Таверны напоминали клубы: постоянным посетителям еда отпускалась в кредит и оказывались разные мелкие услуги. Самюэль Пипс, как и многие представители его класса, был их завсегдатаем. Он часто предпочитал удобство таверны обеду у себя дома, и рассматривал первую как продолжение второго. В августе 1660 года Пипс делает в своем дневнике запись о том, что он купил омара на Фиш-стрит, а затем повстречал друзей, несущих кусок осетрины. Всей компанией они двинулись в таверну The Sun, где их добычу приготовили, и день завершился веселой пирушкой56. Атмосфера таверн располагала к общению, а потому там часто проводились деловые встречи: тот же Пипс неоднократно угощал коллег в этих заведениях или становился гостем за их столом.
Таверны задавали тон в общественной и деловой жизни Лондона на протяжении нескольких столетий, но в середине XVII века их гегемония оказалась под угрозой из-за появления нового заморского напитка – кофе. Поначалу к нему (как и заведено с незнакомыми продуктами) отнеслись с подозрением, но вскоре он начал завоевывать популярность – в основном благодаря своей дешевизне по сравнению с вином, которое приносило тавернам большую часть прибыли57. Заплатив за чашку кофе, любой посетитель мог оставаться в кофейне сколько угодно – точнее любой посетитель мужского пола: хотя такие заведения часто держались женщинами, их клиентуру составляли исключительно мужчины. Кофейни, как правило, представляли собой светлые, просто обставленные помещения с общими столами и скамейками, а также с прилавком, через который владелец отпускал кофе. Обычно там имелся большой открытый очаг, над которым крепились медный котел для кипячения воды и железный поднос для обжарки зерен. Первая кофейня с экзотическим названием Pasqua Rosee открылась на Корнхилле в 1652 году, и уже спустя и лет в Сити насчитывалось более 8о таких заведений. Но настоящий расцвет кофейного бизнеса наступил после Великого лондонского пожара в 1666 году58. Пока здание Королевской биржи отстраивалось заново, кофейни превратились в импровизированные торговые площадки, случайно породив и одну из старейших институций Сити – страховой рынок Lloyd’s, созданный в близлежащей кофейне Эдварда Ллойда.
Вскоре кофейни облюбовали и газетчики: из-за кипевших там свободных дискуссий они были идеальным местом, чтобы узнавать последние слухи, хотя, как явствует из одного тогдашнего сатирического стихотворения, достоверность этих сведений часто оставляла желать лучшего:
Кто любопытством обуян И жаждет новостей Из разных городов и стран,
Как турок жив иль иудей —
Тому местечко подскажу,
Где слухи с пылу с жару.
Пускай в кофейню он бежит,
Наврут там только правду59.
К концу столетия кофейни прочно укоренились в Сити и заняли центральное место на политической и интеллектуальной арене Лондона.
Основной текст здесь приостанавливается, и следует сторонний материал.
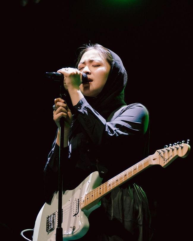 "Pertama kalinya manggung di Banda Aceh, pertama kalinya juga manggung menggunakan penutup kepala. tadi malam hangat sekali," tulis Bernadya di unggahannya.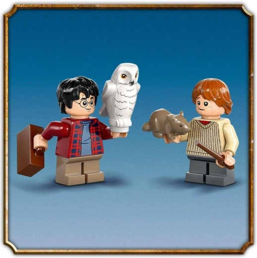 Sunt incluse minifigurinele Harry Potter și Ron Weasley, figurinele Hedwig și Scabbers, baghete și un geamantan – totul pentru aventuri magice.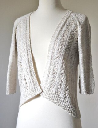 Kawaru is a raglan sleeve cardigan with lace decorating the front panels. Worked from the top down, you can alter length of the sleeves and body to your preference. Kawaru is a perfect cardigan for the changing of the seasons.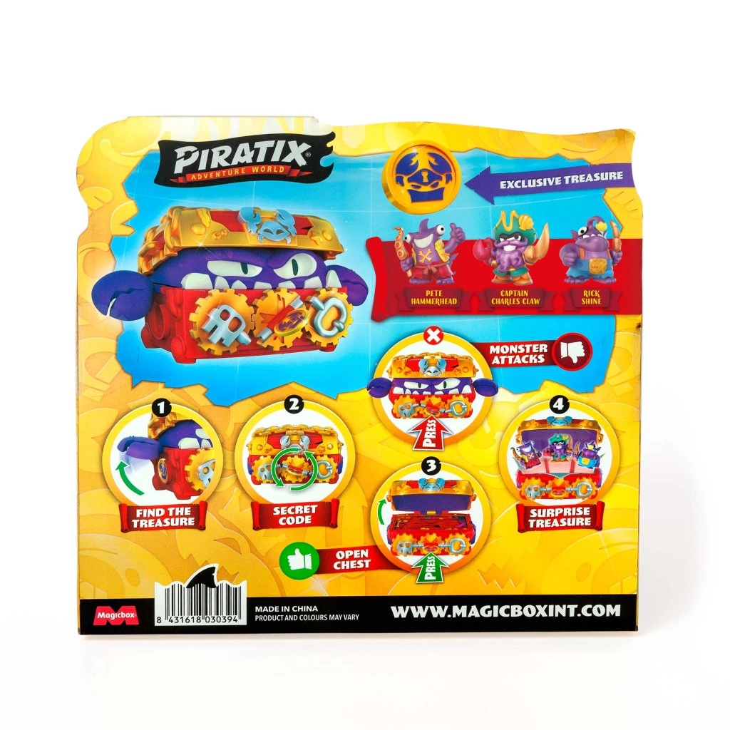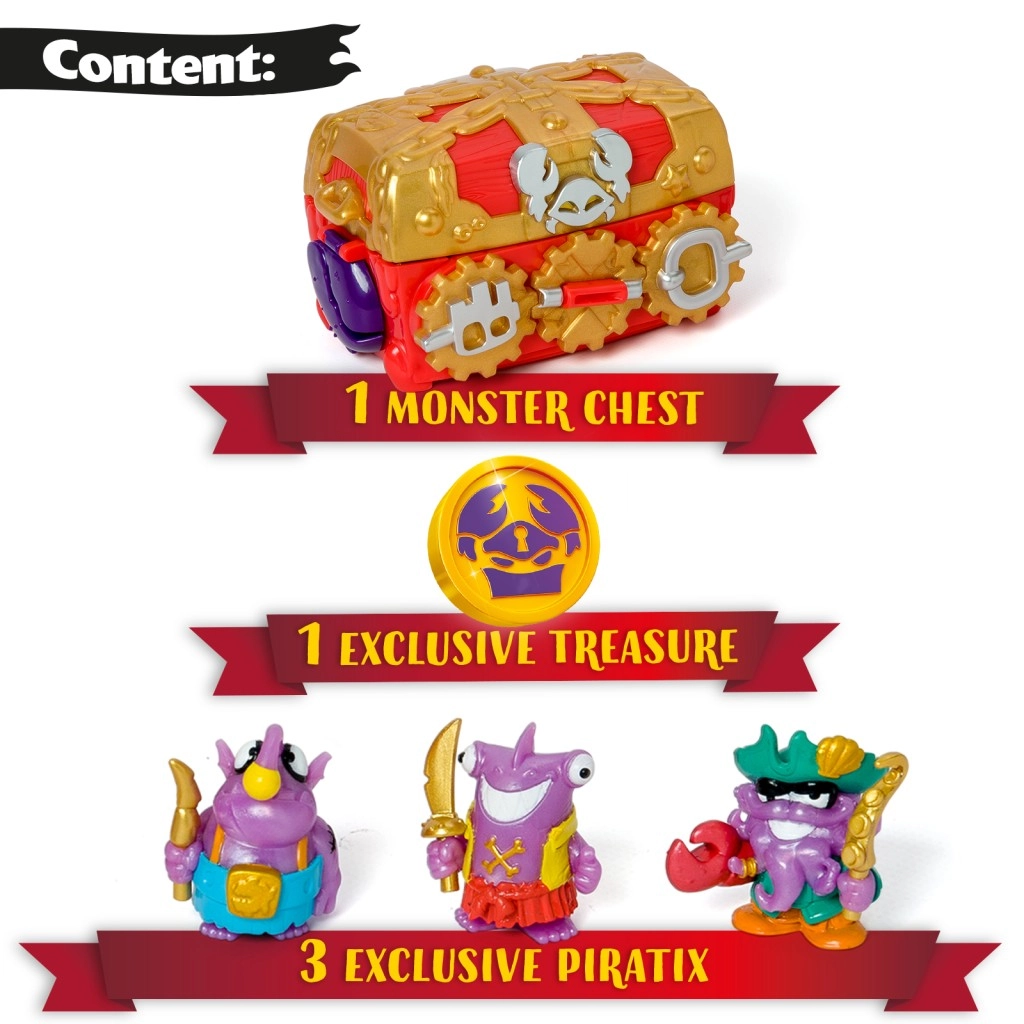 - 1 Monster Schatkist, 3 exclusieve Piratix-figuren, 1 exclusieve schatpenning, 3 accessoires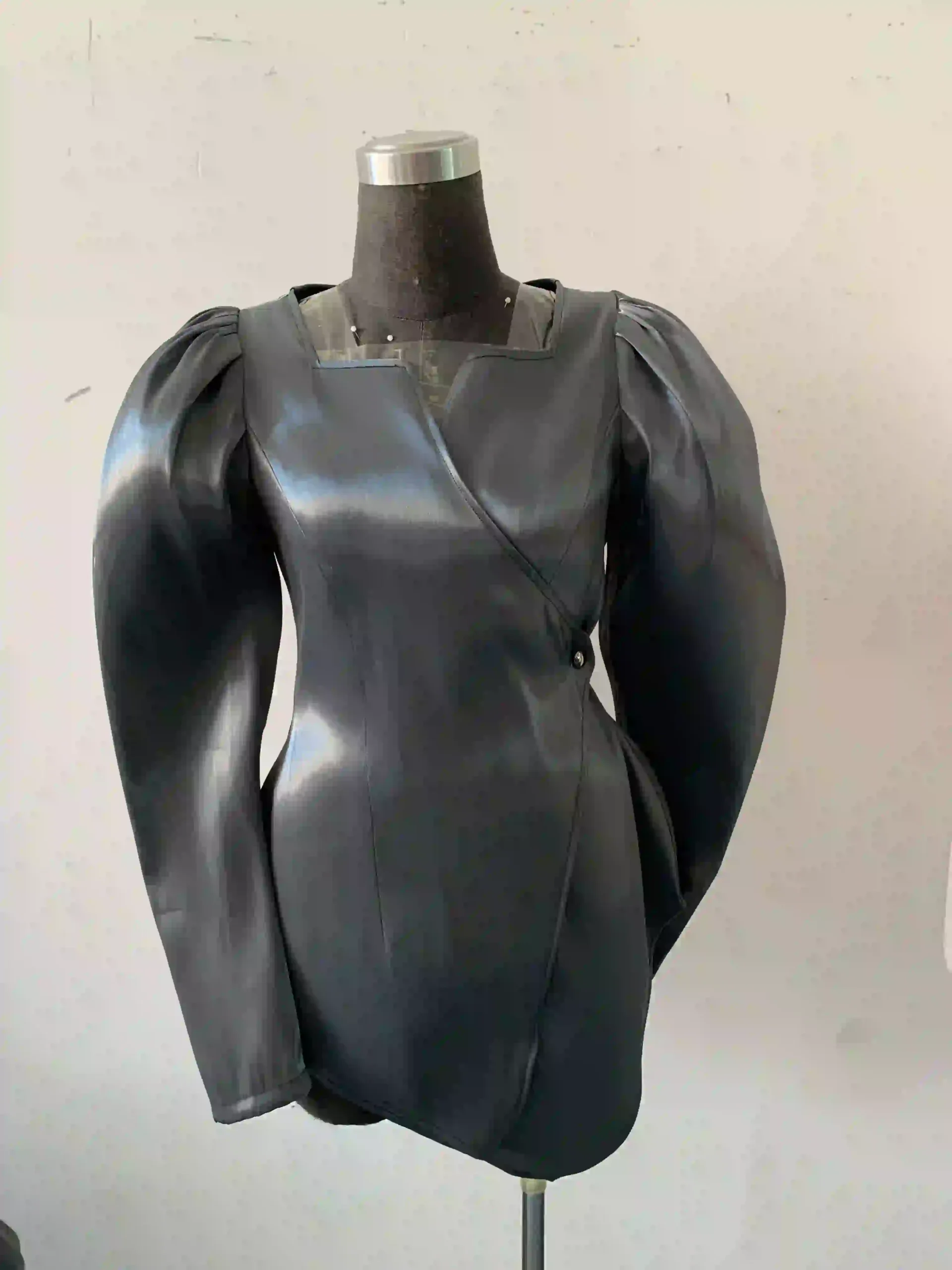 – Fabric texture: Made of lustrous leather fabric, it presents a high-end matte metallic luster. The touch is crisp and well-shaped, exuding a cool and stylish aura, enhancing the quality and recognition of the outfit.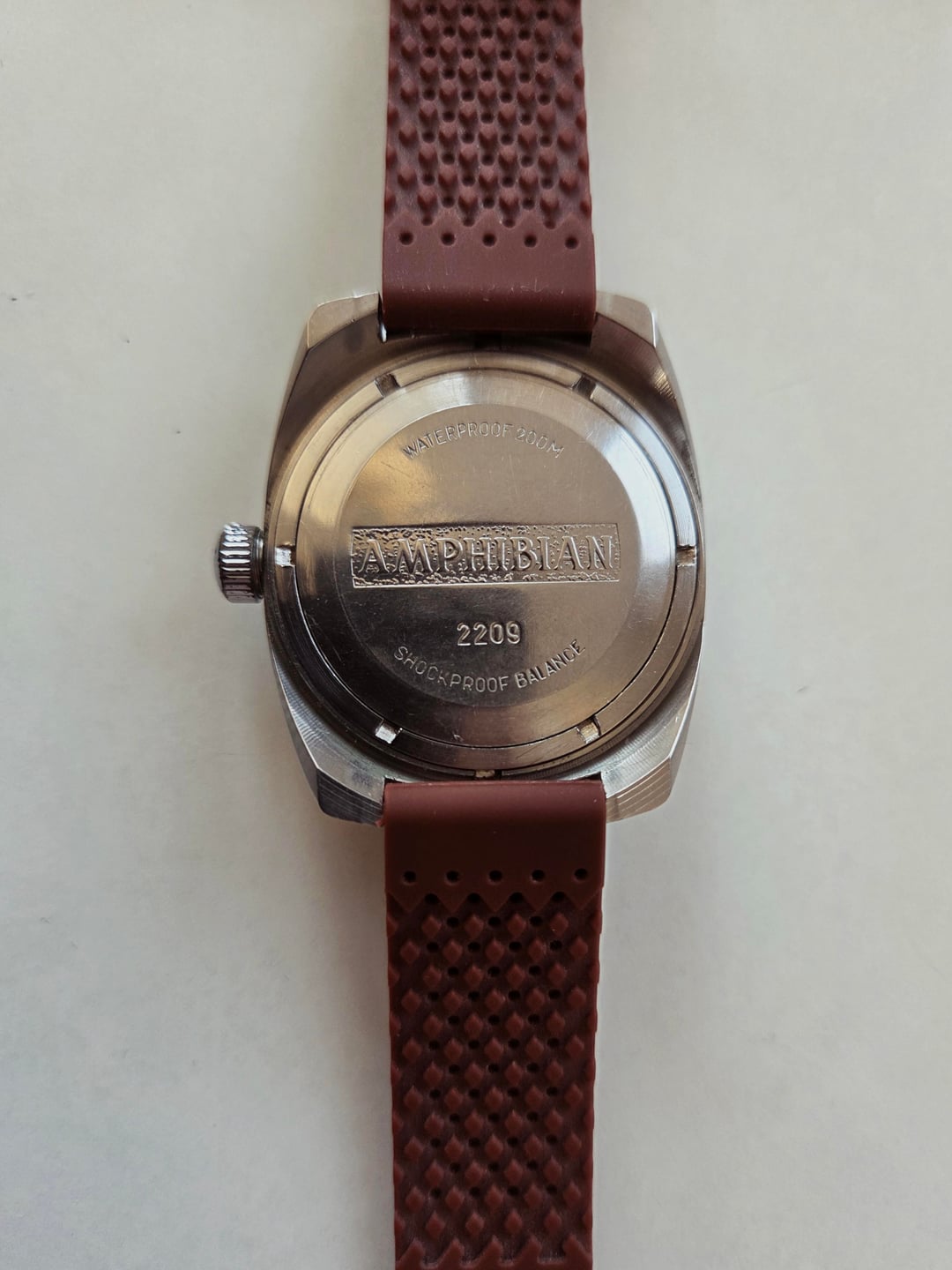 First generation tonneau Amphibian with paddle hands. Very rare model, circa 1979. Original domed crown + crystal. 2209 manual wind movement. Working, condition shown on photos. Not tested for WR. 38 (without crown) x 46 mm. 18 mm rubber strap. Priced at 75 $ + 10 $ for worldwide shipping from Croatia, EU. Paypal F&F.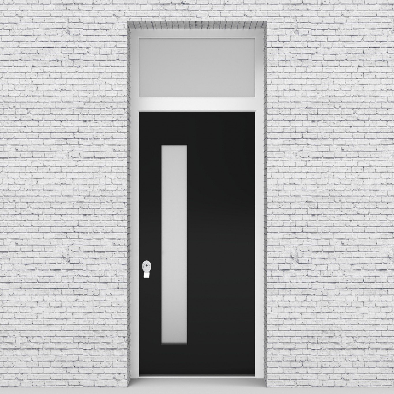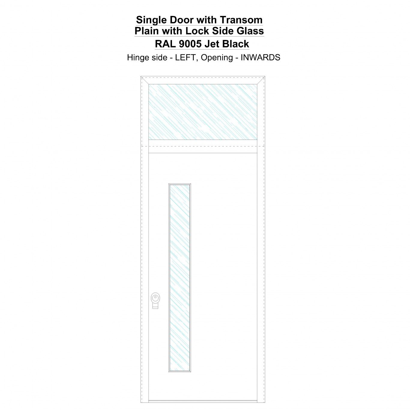 Single Door with Transom Plain with Lock Side Glass Jet Black Security Doors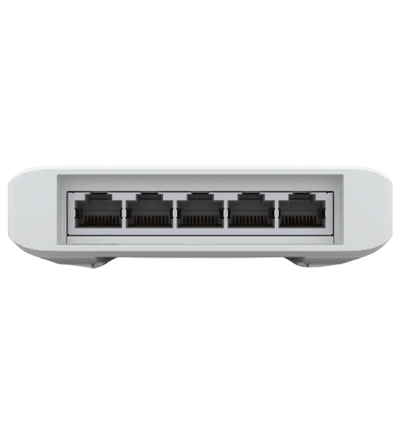 Switch UniFi Flex XG segunda generación con 5 puertos, incluyendo 1 GbE y 4 puertos 10GbE para redes de alta velocidad.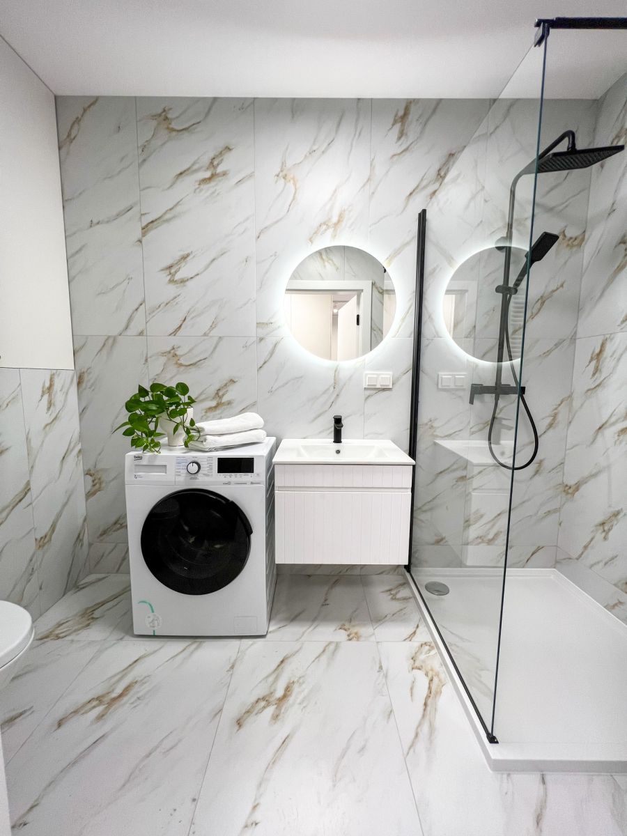 - Łazienki z pralko suszarką i pojemną zabudową meblową,

Как мы уже видели, их словно магнит притягивал Ковент-Гарден, и тамошние заведения ожесточенно соперничали за звание самого модного места в городе. Кофейня Will’s на Рассел-стрит могла похвастаться таким завсегдатаем, как Драйден: в течение 40 лет его всегда можно было найти там в большом кресле у камина зимой или на веранде летом, в окружении завороженных слушателей, внимавших его остроумию. На той же улице находилась и кофейня Button’s, открытая в 1712 году основателем и первым редактором журнала The Spectator Джозефом Аддисоном: там его навещали многие знаменитые политики и писатели, в том числе Ричард Стил, Александр Поуп и Джонатан Свифт. Дискуссии были открыты для всех, а на двери был даже прибит почтовый ящик в виде львиной головы, куда любой прохожий мог опустить предлагаемую в журнал статью.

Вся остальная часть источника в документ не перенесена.